* **What the task asks**: The lines to output run from the first line of the entries below through the line containing "Z lyžařského výcviku."; copy them exactly and leave out pictures.

------------------------------------------------------------

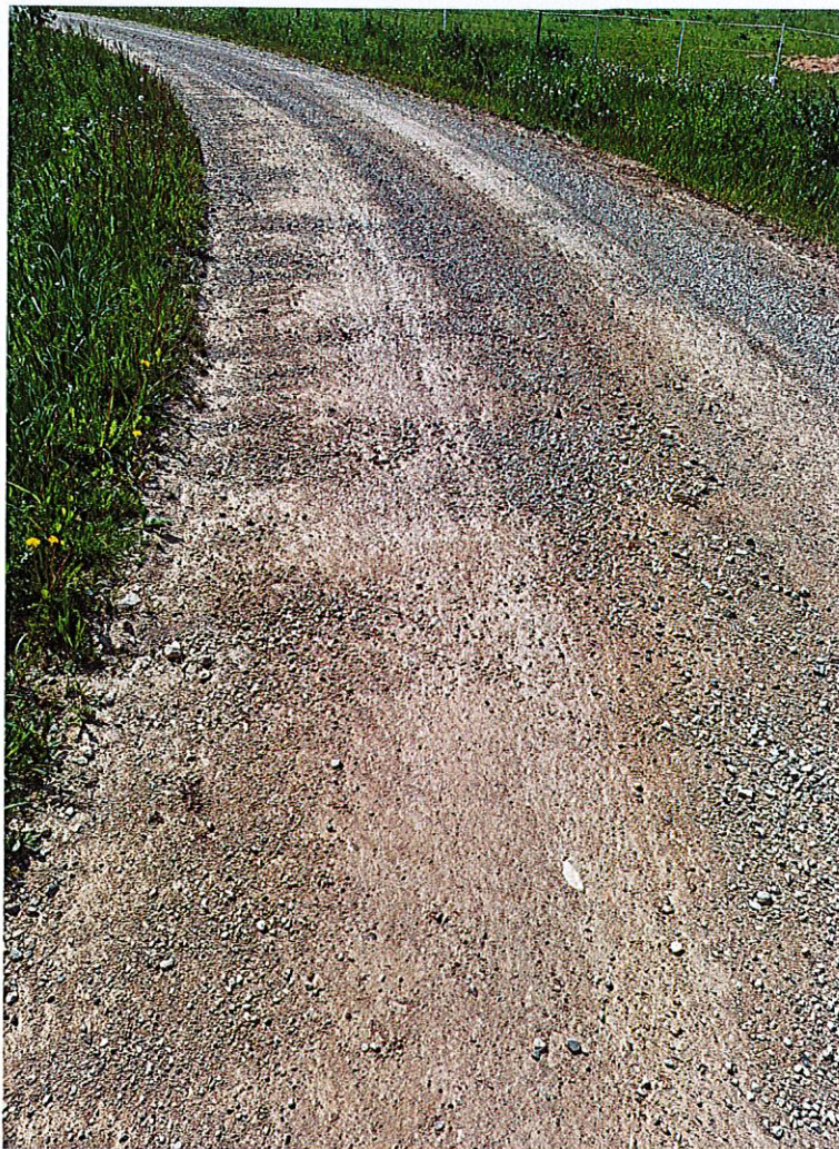
Attēls Nr.1 Jersikas pagasta autoceļa J13 maršruta "Āriņi - Dimanti" Ceļa izskalojumi
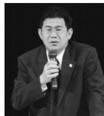
◀講演の様子(中央公民館大ホールで)(写真左)
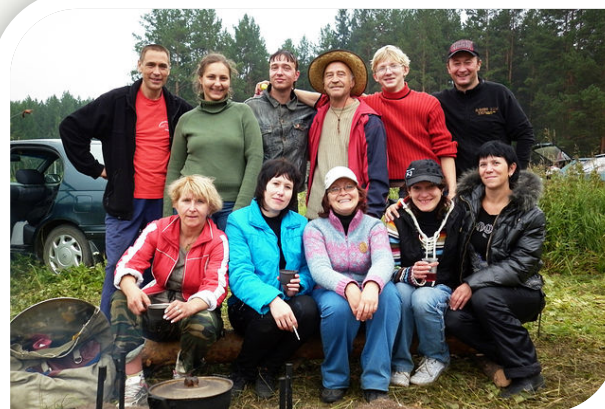
г. Нижний Тагил «Зелёная лампа»
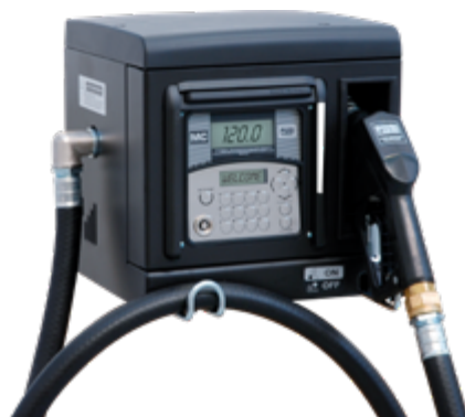
CUBE MC 2.0
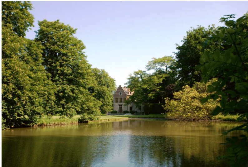
Kasteel Ter Balk, na 1900 verbouwd
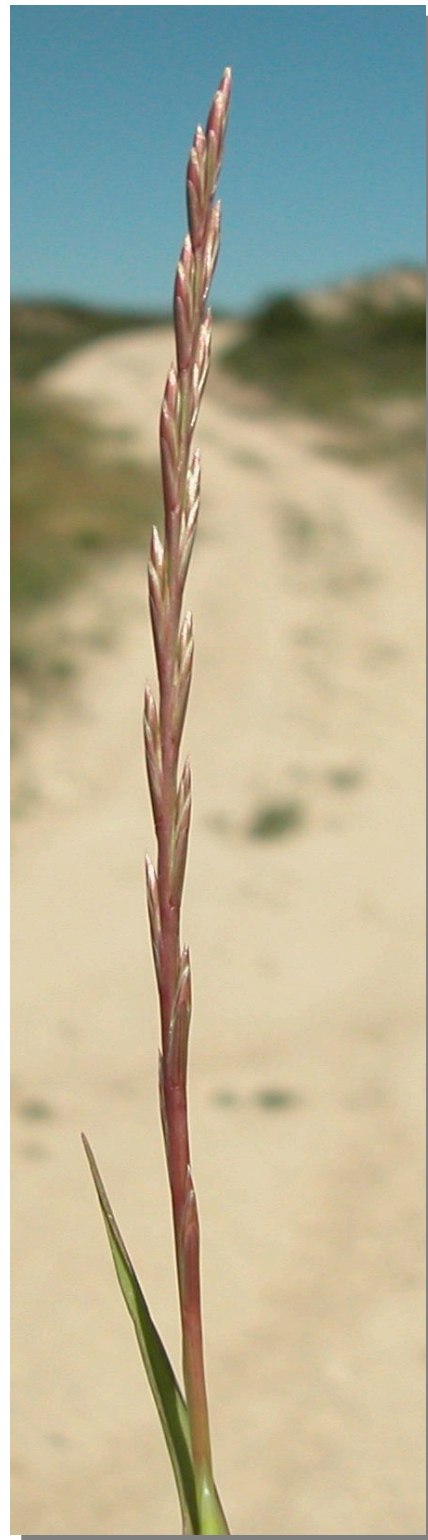
L. rigidum . Espiga
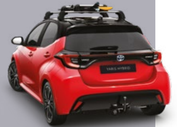
מוטות רוחב - סט של שניים
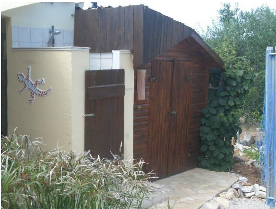
Erfrischungsstation im Garten
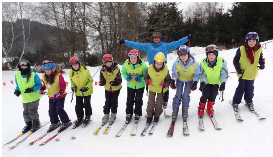
Z lyžařského výcviku.

Letošní zima přála zimním sportům. Vydal se také lyžařský výcvikový kurz žáků 7. ročníků probíhající za ideálních sněhových podmínek. Jedna z instruktorek lyžování, paní učitelka N. Malcová, konstatovala, že lyžařský týden proběhl velmi příjemně a bez zranění, což je jistě pozitivní sdělení. Padesát devět žáků se proměnilo ve více či méně zdatné lyžaře a postupně všichni zvládli záludnosti prudšího svahu na Fajtově kopci.
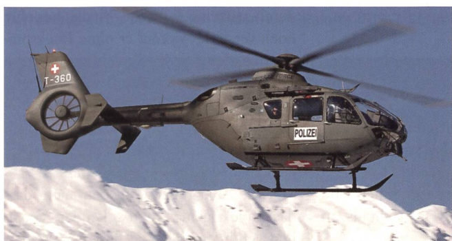
Der Transportheli EC-635 T-360, auch er im Polizei-Einsatz.
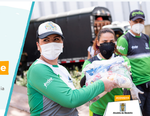
Medellín me cuida

para que la Alcaldía de Medellín pueda cuidarte mejor a ti y a tu familia durante la crisis del coronavirus
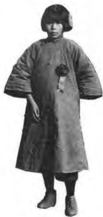
某女子师范学校高二年级师生合影（局部）传世照片 1930
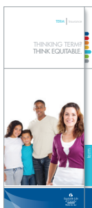
Vous songez à une assurance vie temporaire? Pensez Équitable. (n° 1342FR) (offerte en français et en anglais)

Les brochures suivantes à l'intention de la clientèle sont disponibles afin de vous aider à générer la vente des produits d'assurance vie temporaire :
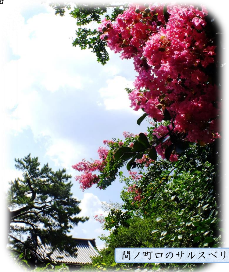
間ノ町口のサルスベリ
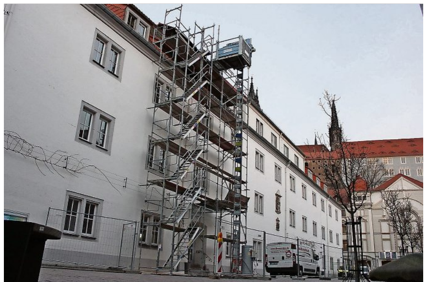
Außengerüst der Baustelle Theater Meissen.
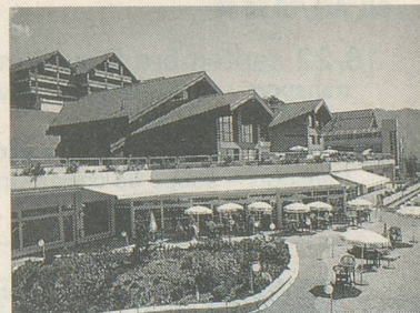
Le centre thermal d'Ovronnaz

Pour vous inscrire: Voyages Berlendis, avenue de la Gare 6, 1003 Lausanne, tél. 021/20 50 45. Mentionnez le voyage d'Aînés à Ovronnaz, tout en précisant votre lieu de domicile. A bientôt sur les hauteurs valaisannes!

------------------------------------------------------------

* **Response below**:
Attēls Nr.1 Jersikas pagasta autoceļa J13 maršruta "Āriņi - Dimanti" Ceļa izskalojumi
◀講演の様子(中央公民館大ホールで)(写真左)
г. Нижний Тагил «Зелёная лампа»
CUBE MC 2.0
Kasteel Ter Balk, na 1900 verbouwd
L. rigidum . Espiga
מוטות רוחב - סט של שניים
Erfrischungsstation im Garten
Z lyžařského výcviku.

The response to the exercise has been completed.